Hmm do you have hose valves all the way down before pumping the prime? Thats about the only thing I can think of that perhaps you have the valve closed.


----------



## skurj (Oct 30, 2011)

I've cleaned both of mine several times, and I just remove at the canister, not sure what you mean by submerging the tubes, but there is no need to touch them to clean the filter. Just lift the levers at the valve on the filter. Unplug filter run it to the sink open it up clean media, then return. connect tubes, lower the levers all the way, prime (not always needed) then plug it in.


----------



## Mr.Dempsey (Jan 4, 2012)

pump the primer up and down while its running to get it going, i have to do this to my 206 somtimes


----------



## theboothsociety (Jan 3, 2012)

Mine never works like that. As soon as I unplug the tubes/valves and take the top off it loses the syphon. I have to submerge the tubes in water so they fill up and no air in them. Then I usually plug it back it, turn it on and it starts workin.

Now its not working and im getting water pouring out of the prime pump. (first time this has happened)

And yes valves are fully pressed in.


----------



## skurj (Oct 30, 2011)

Something is wrong...

You shouldn't have to do that with your hoses. The hoses stay full of water once you close the valve, it has nowhere to go.. or is the canister somehow above the tank?


----------



## cgmark (Aug 18, 2010)

There is a very small o-ring that goes around the shaft of the primer in those filters. If it leaks then air is getting in through that opening. The o-ring is inside the top housing. You have to remove the 4 screws on the bottom to get inside it. Inside the o-ring is easy to spot. It is a pretty common failure point with these filters, the 205, 305, 405 all have them.

I don't know of any pet stores that sell them but you can get one at most hardware stores, just take the old one with you.


----------



## Fishy_Cichlid (Aug 4, 2011)

Hope you have checked the inlet & outlet valve carefully. Many a times we connect incorrectly in a rush. Secondly, you also need to check the inlet pipe from the tank to the canister. Check for leakage incase the inlet pipe is in 2 parts inside the tank. Had the same issue with my canister. Took 2 days to get it fixed up and running.


----------



## theboothsociety (Jan 3, 2012)

cgmark said:


> There is a very small o-ring that goes around the shaft of the primer in those filters. If it leaks then air is getting in through that opening. The o-ring is inside the top housing. You have to remove the 4 screws on the bottom to get inside it. Inside the o-ring is easy to spot. It is a pretty common failure point with these filters, the 205, 305, 405 all have them.
> 
> I don't know of any pet stores that sell them but you can get one at most hardware stores, just take the old one with you.

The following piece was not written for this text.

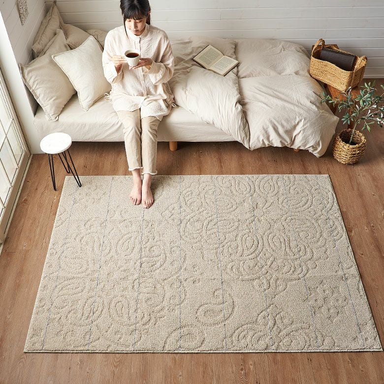 洗濯可 幅185 洗える センターラグ リビング ダイビング 寝室 ベッドルーム 光沢 耐久性 速乾性 ホットカーペット対応 引っ越し 模様替え 一人暮らし ワンルーム ギフト プレゼント ラグ ラグマット 日本製 国産 130×185cm アイボリー グレー 丸洗い可 防ダニ 床暖房対応 遊び毛防止 ウォッシャブル オールシーズン 春 夏 秋 冬 絨毯 じゅうたん マット 敷物 185cm 130×185 おしゃれ 北欧 コンパクト リゾート アラベスク調 インテリア アジアン [96069]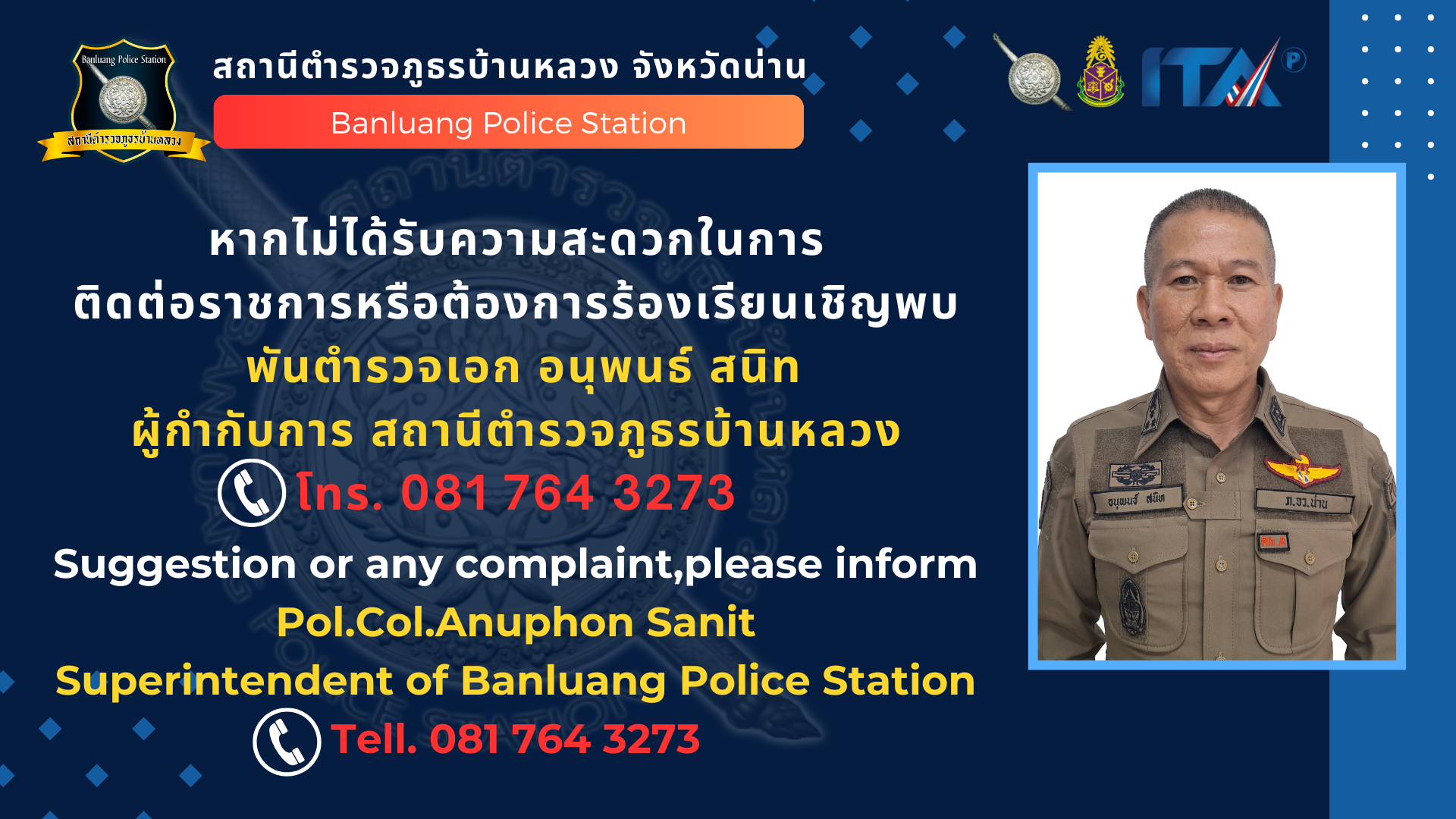 ว่าที่ พันตำรวจเอก อนุพนธ์ สนิท ผู้กำกับการ สถานีตำรวจภูธรบ้านหลวง มอบหมายให้ พันตำรวจโท เจษฎา

This is gotta be it. Because I cant get the syphon going because of air. And its leaking through the primer. Thanks. Unfortunately I wont be able to do it until next weekend.


----------



## theboothsociety (Jan 3, 2012)

OK I took off the top housing. Do you know which is the O-ring?

The primer hole is the top right hole in the picture. It has a small black ring inside of it, but it doesnt seem to be removable? Is that it?


----------



## PfunMo (Jul 30, 2009)

Before digging deeper, have you followed the directions correctly?

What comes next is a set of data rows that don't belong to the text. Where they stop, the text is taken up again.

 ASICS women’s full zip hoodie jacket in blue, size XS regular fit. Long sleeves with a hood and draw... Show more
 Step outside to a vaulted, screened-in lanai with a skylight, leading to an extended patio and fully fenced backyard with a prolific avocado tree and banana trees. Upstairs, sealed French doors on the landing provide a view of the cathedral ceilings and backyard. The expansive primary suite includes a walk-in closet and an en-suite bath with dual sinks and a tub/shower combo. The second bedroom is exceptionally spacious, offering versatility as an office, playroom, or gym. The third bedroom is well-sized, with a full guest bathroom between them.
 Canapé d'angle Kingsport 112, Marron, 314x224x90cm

From the online instructions:


> 7. Lock the cover in place: push the double tabs of the lift-lock
> clamps under the rim; then press the upper tabs firmly
> against the cover.
> DO NOT FILL CANISTER WITH WATER


Your first post:


> I keep submerging the tubes in water so there is no air. The canister is filled with water.


Maybe something simple?


----------



## theboothsociety (Jan 3, 2012)

I dont have directions, this canister is probably 10 years old and *** tried everything under the sun.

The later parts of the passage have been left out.